Mr. Cuaron ultimately switched to a 3-meter-by-4-meter box equipped with special lights and placed on a darkened soundstage. Ms. Bullock was "clamped" inside a "gruesome" harness, he said, and placed inside, where she remained for hours. A camera mounted on a robotic arm pivoted and circled, making it look as if Ms. Bullock were floating through the darkness of space.
"I was literally acting off of nothing for up to 10 hours a day, with headphones my only connection to Alfonso," she said. "We made a catalog of music clips - whale sounds, Radiohead, weird screeching of metal - and I memorized them. I would say, 'O.K., give me number four. That's not working. Try number two. That's better, that's getting me to the emotion I need.'"

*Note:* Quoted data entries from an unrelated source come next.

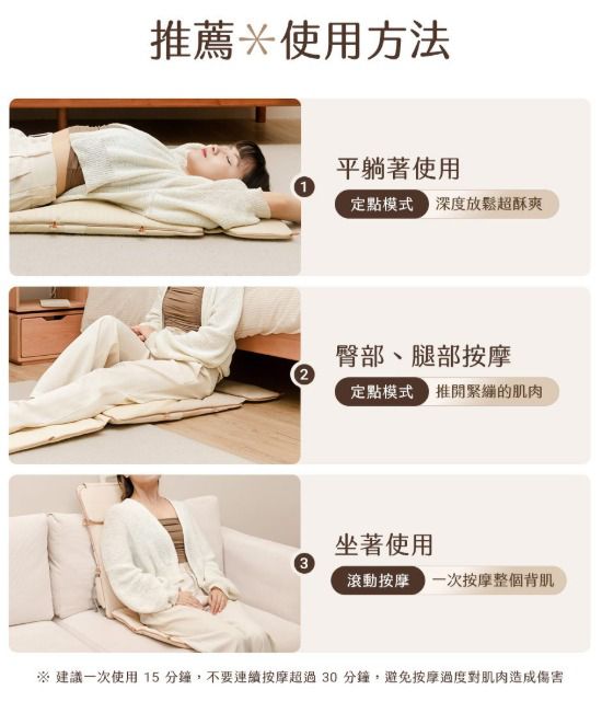 ⭕適合多個部位使用(腰背/ 肩頸/ 臀部/ 腿部)
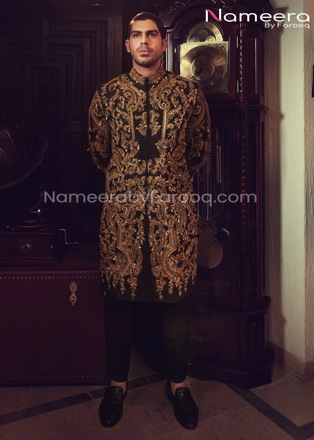 Dulha Sherwani 2021 for Wedding in Black Color in Stylish design embellished with dabka, zardozi work. This Sherwani is looking so beautiful and best choice for groom for wedding event.
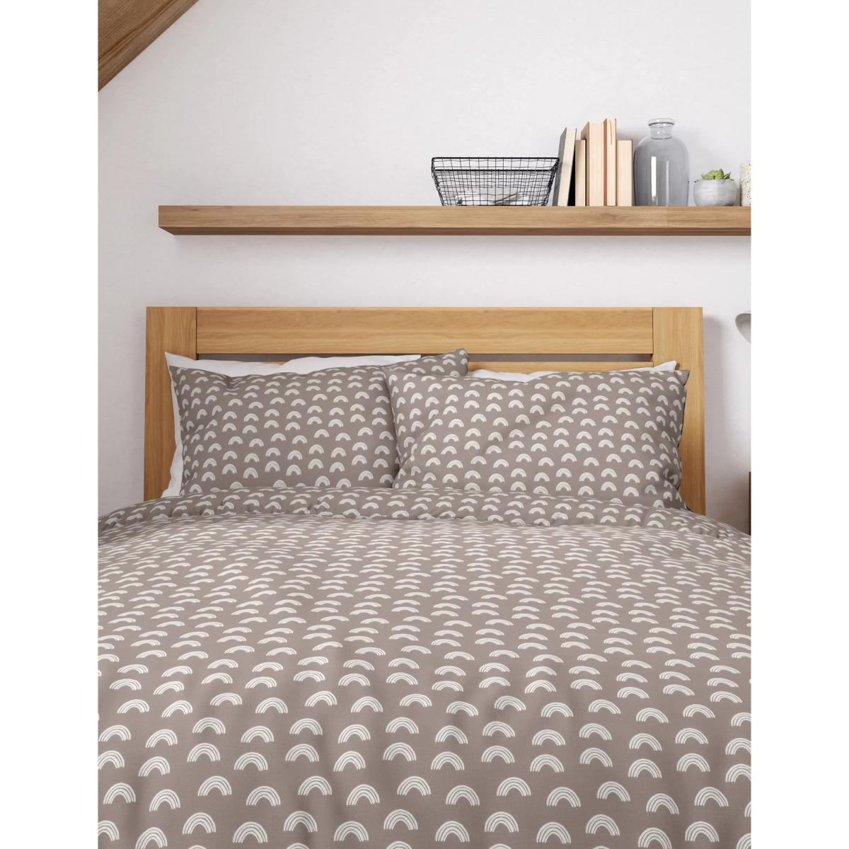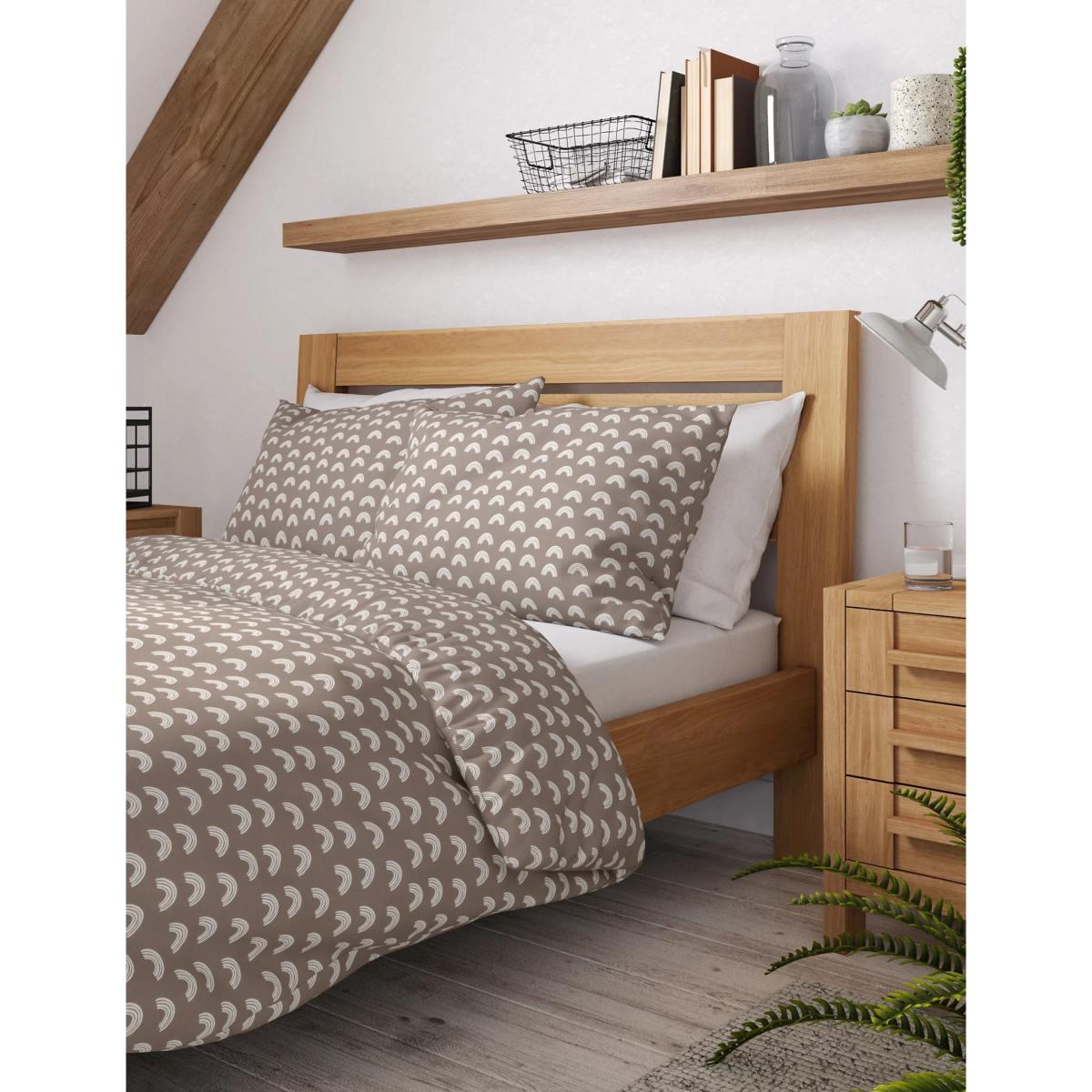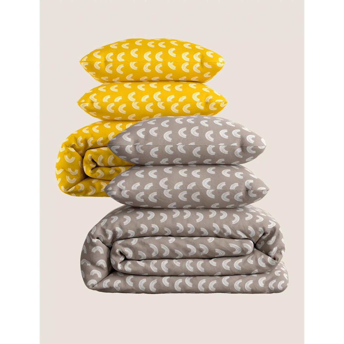 Bring some rainbow cheer to the bedroom with these cotton-blend printed bedding sets. Handy two-pack of two different coloured sets printed with mini rainbows. Made with recycled polyester.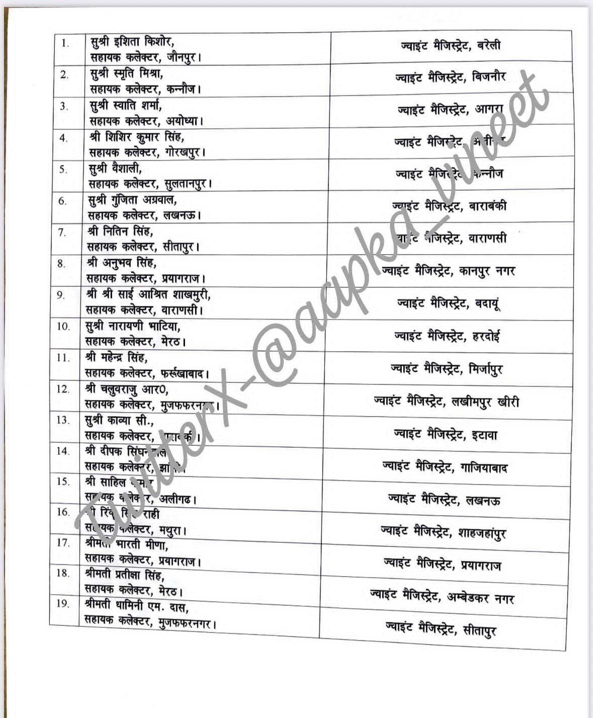 1. सुश्री इशिता किशोर – सहायक कलेक्टर, जौनपुर; ज्वाइंट मजिस्ट्रेट, बरेली।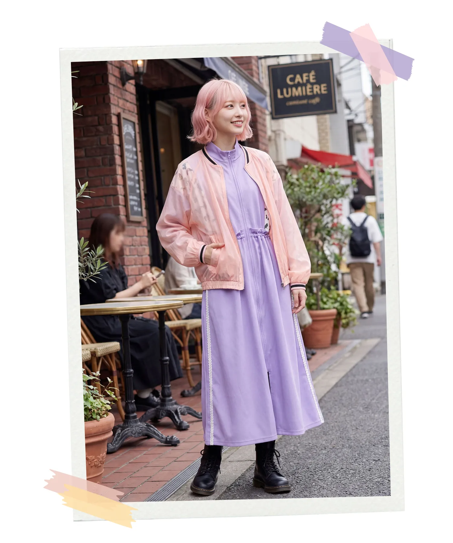 スポーティなブルゾンとワンピースで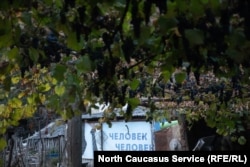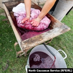 Red grapes being pressed for their juices. Wine is an important part of both Ossetian and Georgian cultures. So too is churchkhela, a traditional candy made from grapes and walnuts.

For one sequence, Ms. Bullock had to stay still while a camera rushed toward her at 40 kilometers per hour, stopping centimeters from her face. Other scenes required her to be strung up by wires while puppeteers maneuvered her through choreographed movements.
Of the film, Ms. Bullock said: "It's about rebirth. How do you let go in the worst possible situation so you can have some kind of release and peace?" She added: "Life is not going to stop coming at you. In the end, you just have to say, 'I have no control.' Your time is precious. Are you really going to waste it worrying about this stuff?"
She was confronting those questions in her personal life in 2010, when Mr. Cuaron flew to Texas and tried to talk her into "Gravity." She had retreated there following the public revelation that her husband, Jesse James, a motorcycle customizer and reality TV celebrity, had been serially unfaithful.
She divorced him, went forward with the adoption of a baby and made it clear that she had no interest in acting anytime soon.
Now, unlike some female Hollywood stars, Ms. Bullock continues to take on challenging work.
"What roles that are available will always be a factor," said Octavia Spencer, an Oscar winner for "The Help" and a friend of Ms. Bullock's since 1996. "But Sandy has been very successful at not letting anyone put her in a box, and that will continue.
"She has done it by continually taking risks - showing us these other colors, hello 'Gravity' - and working her guts out, and not fixating on how she looks in every scene. Those are things that not a lot of other actresses of her echelon do."